ULTIMA II
- Product type: Cosmetics, skin care
- Owner: Revlon Inc.
- Produced by: Revlon Inc.
- Country: United States
- Introduced: 1945; 81 years ago (New York)
- Related brands: Revlon
- Markets: Worldwide
- Ambassador: Titi Kamal (Indonesia)
- Tagline: Collagen Expert From New York
- Website: www.ultimaii.com

= Ultima II (cosmetics line) =

Cosmetics line

ULTIMA II (cosmetics line) is a US-based cosmetics and skin care brand owned by Revlon. On June 16, 2022, its parent, Revlon, filed for Chapter 11 bankruptcy.

==History==
The "Ultima" name was originally coined by Bea Castle, the highest placed female executive working for Revlon at the time, for a new moisturising cream - "ULTIMA, The Precious Cream". Following on from the success of the moisturiser, Revlon founder Charles Revson created the Charles Revson Inc. company in 1962 as the vehicle for his new top-of-the-range line: Ultima II. Revson claimed it was his favorite and most personal line, and it was the only line to which he directly attached his name until the launch of Revlon's "Charlie" perfume in 1973.

==Growth==
To promote the brand Charles Revson's private yacht was named Ultima II. To keep with tradition, present Revlon owner Ronald Perelman named his yacht Ultima III. Ultima II was always intended to be an upmarket cosmetic line, as opposed to the core range Revlon and youth range Natural Wonder, in a marketing strategy called "laddering" inspired by General Motors. Advertising targeted upper-class women and featured models clad in haute couture gowns.
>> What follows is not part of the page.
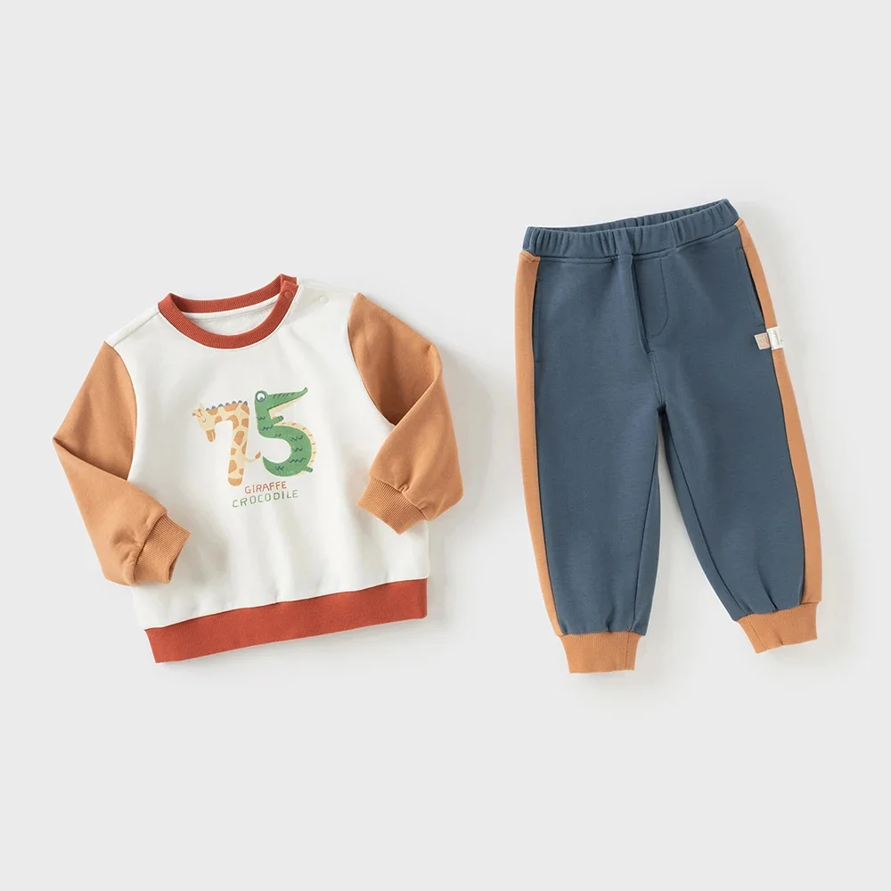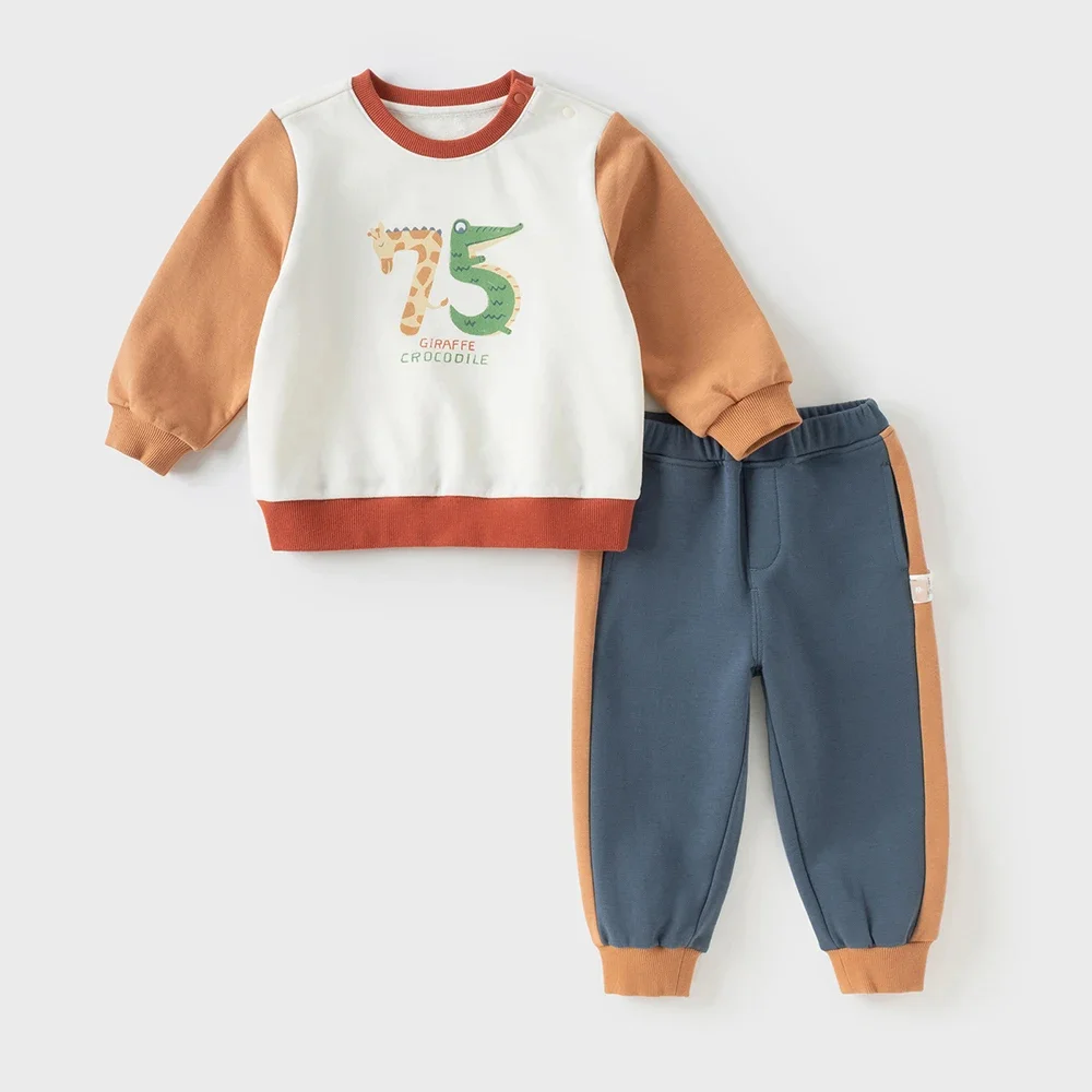 Crafted with care, this set combines high-quality cotton with durable polyester for a soft and resilient feel. The sweatshirt features an O-neck collar and full-length sleeves for extra warmth, while the trousers offer a comfortable fit that stays true to size. The knit construction adds gentle stretch, and the ribbed trims—made with a touch of spandex—help maintain shape wear after wear. Designed for boys ages 4–6 years, this outfit provides just the right thickness for the autumn season.

For a decade, Ultima II's slogan was "Dedicated to the woman who spends a lifetime living up to her potential." Ultima II's launch and advertising techniques were likely a response to the growing success of competitor Estée Lauder, who also aimed for an upmarket position in the cosmetic, skin care, and fragrance industry.

==Timeline==
In 1971, Ultima II became the first cosmetics company to sign a model, Lauren Hutton, to an exclusive contract. The move gained enough attention to make Lauren the first fashion model to grace the cover of Newsweek magazine. Ultima II went one step further and signed photographer Richard Avedon as her exclusive photographer.

In 1975, Ultima II partnered with jeweller Aldo Cipullo of Cartier to sell an authorized reproduction of the Love bracelet (Cartier), which he had designed six years earlier.

In 1983, Ultima II hired a 21-year-old Kevyn Aucoin to produce a new line of make-up products, The New Nakeds, making Kevyn the youngest ever creative director for a major cosmetics company. The New Nakeds collection was notable because it was the first time a major cosmetics company launched a collection with shades that were suitable for all races of women, and thus became highly popular.

In 1989, Revlon decided to expand the distribution of Ultima II from prestige department stores into moderate ones like JC Penney and drugstores like CVS, taking on a more mass-market approach.

==Decline==
When Revlon decided to withdraw all of its department store counters, the brand's success soon began to decline. It was discontinued in North America in 2001. In Europe, a market specific range was produced by EPB (L'Europeenee des Produits de Beaute) a Revlon subsidiary in France. It was withdrawn from sale in Europe in 2008. However, Ultima II is available in Asia (specifically China/Hong Kong and Indonesia), having moderate success with their Clear White and Extraordinaire ranges. There is now an ULTIMA II Beauty Institute in the SOGO Department Store in Hong Kong.

==Products==
The current range includes:

- Hydra Botanic
- Extraordinaire
- Procollagen Extrema
- Clear White Supreme
- Supreme Caviar DNA
- Extraordinaire Supreme
- CHR (Charles Haskel Revson's initials)
- Vital Radiance (once launched as a standalone brand in the U.S.)
- Full Moisture
- Under-it-all

The range also includes colour cosmetics, including lipsticks and lip glosses, mascaras, foundations, powders, eye shadows and liners, and blushes.

==Spokesmodels==
Lauren Hutton modelled exclusively for Ultima II in the 1960s and 1970s. She was the nation's first cosmetics model to hold an exclusive contract. Models Cybill Shepherd, Aurélie Claudel, Kim Alexis, Monique Chevalier, and Jenny Brunt also represented the brand.